((

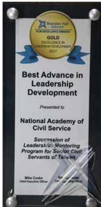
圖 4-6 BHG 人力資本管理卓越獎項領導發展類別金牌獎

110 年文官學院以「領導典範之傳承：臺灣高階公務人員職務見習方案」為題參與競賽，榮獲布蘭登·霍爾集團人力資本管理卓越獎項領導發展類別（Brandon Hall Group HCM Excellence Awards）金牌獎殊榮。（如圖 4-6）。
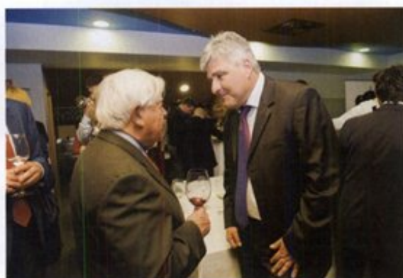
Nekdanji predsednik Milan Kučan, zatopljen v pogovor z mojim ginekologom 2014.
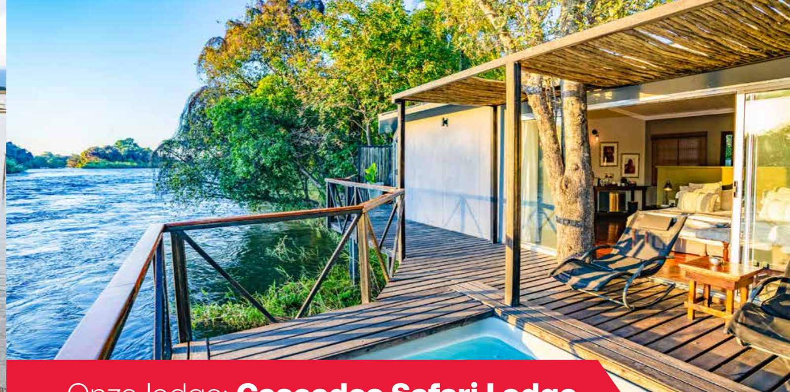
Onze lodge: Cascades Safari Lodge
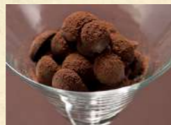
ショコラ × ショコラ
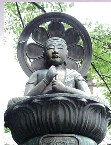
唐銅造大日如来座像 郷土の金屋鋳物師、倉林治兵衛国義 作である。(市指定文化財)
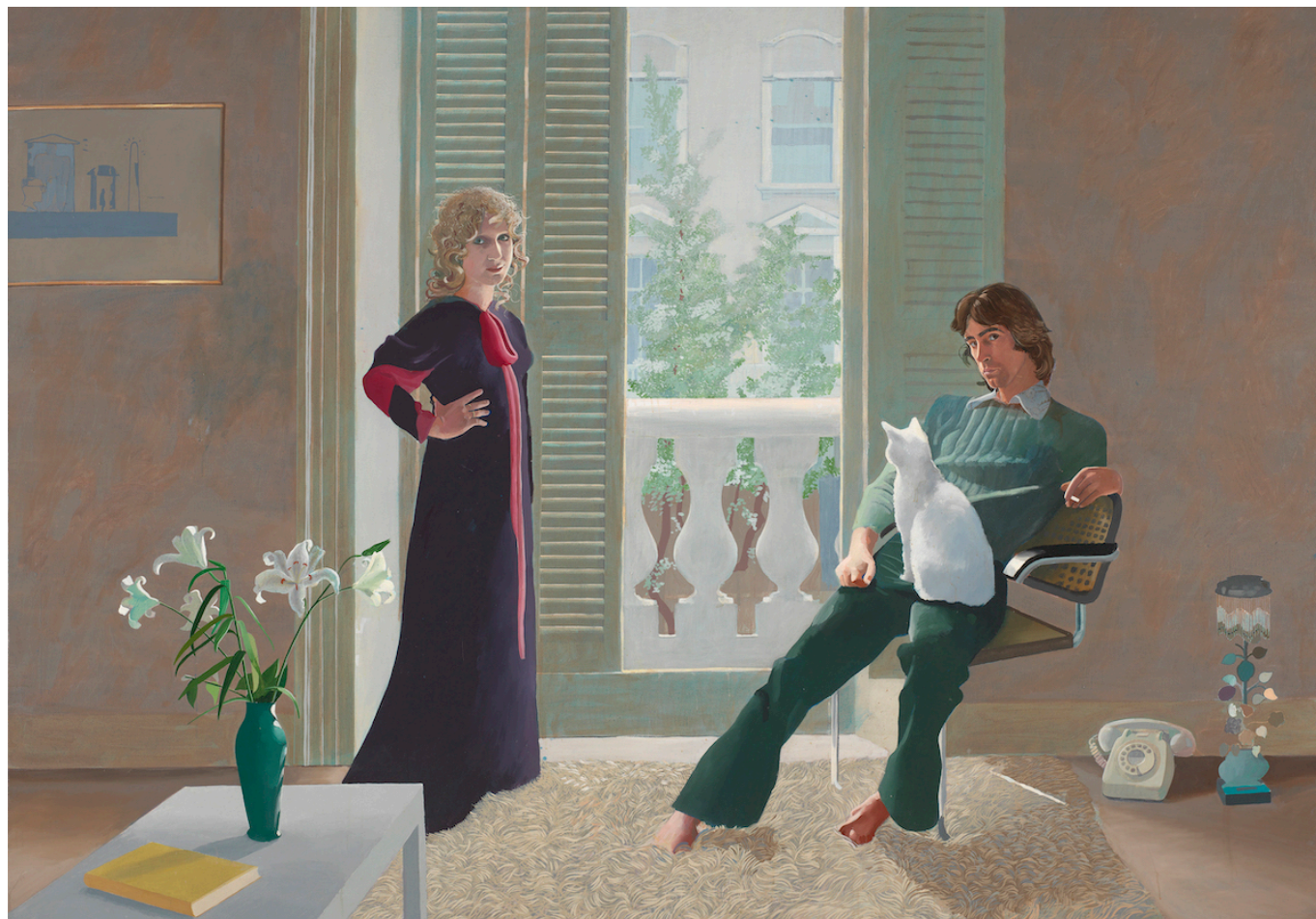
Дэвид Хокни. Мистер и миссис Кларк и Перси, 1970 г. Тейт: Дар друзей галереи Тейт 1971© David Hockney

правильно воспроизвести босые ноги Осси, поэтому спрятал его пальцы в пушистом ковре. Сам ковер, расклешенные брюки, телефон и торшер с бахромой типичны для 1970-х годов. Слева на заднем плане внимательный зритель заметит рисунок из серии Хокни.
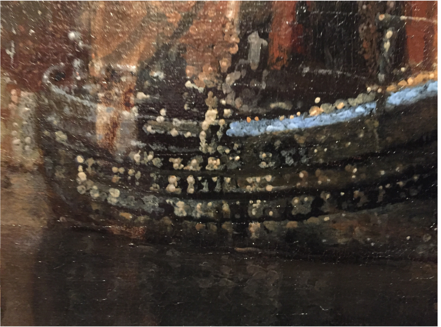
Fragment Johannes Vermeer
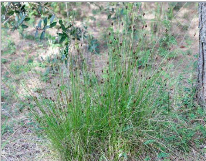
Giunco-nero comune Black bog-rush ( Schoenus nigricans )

))

* **Exercise instructions**: If pictures appear among the records, do not carry them over; retype the rest exactly.

* **Answer to this exercise**:
圖 4-6 BHG 人力資本管理卓越獎項領導發展類別金牌獎

110 年文官學院以「領導典範之傳承：臺灣高階公務人員職務見習方案」為題參與競賽，榮獲布蘭登·霍爾集團人力資本管理卓越獎項領導發展類別（Brandon Hall Group HCM Excellence Awards）金牌獎殊榮。（如圖 4-6）。
Nekdanji predsednik Milan Kučan, zatopljen v pogovor z mojim ginekologom 2014.
Onze lodge: Cascades Safari Lodge
ショコラ × ショコラ
唐銅造大日如来座像 郷土の金屋鋳物師、倉林治兵衛国義 作である。(市指定文化財)
Дэвид Хокни. Мистер и миссис Кларк и Перси, 1970 г. Тейт: Дар друзей галереи Тейт 1971© David Hockney

правильно воспроизвести босые ноги Осси, поэтому спрятал его пальцы в пушистом ковре. Сам ковер, расклешенные брюки, телефон и торшер с бахромой типичны для 1970-х годов. Слева на заднем плане внимательный зритель заметит рисунок из серии Хокни.
Fragment Johannes Vermeer
Giunco-nero comune Black bog-rush ( Schoenus nigricans )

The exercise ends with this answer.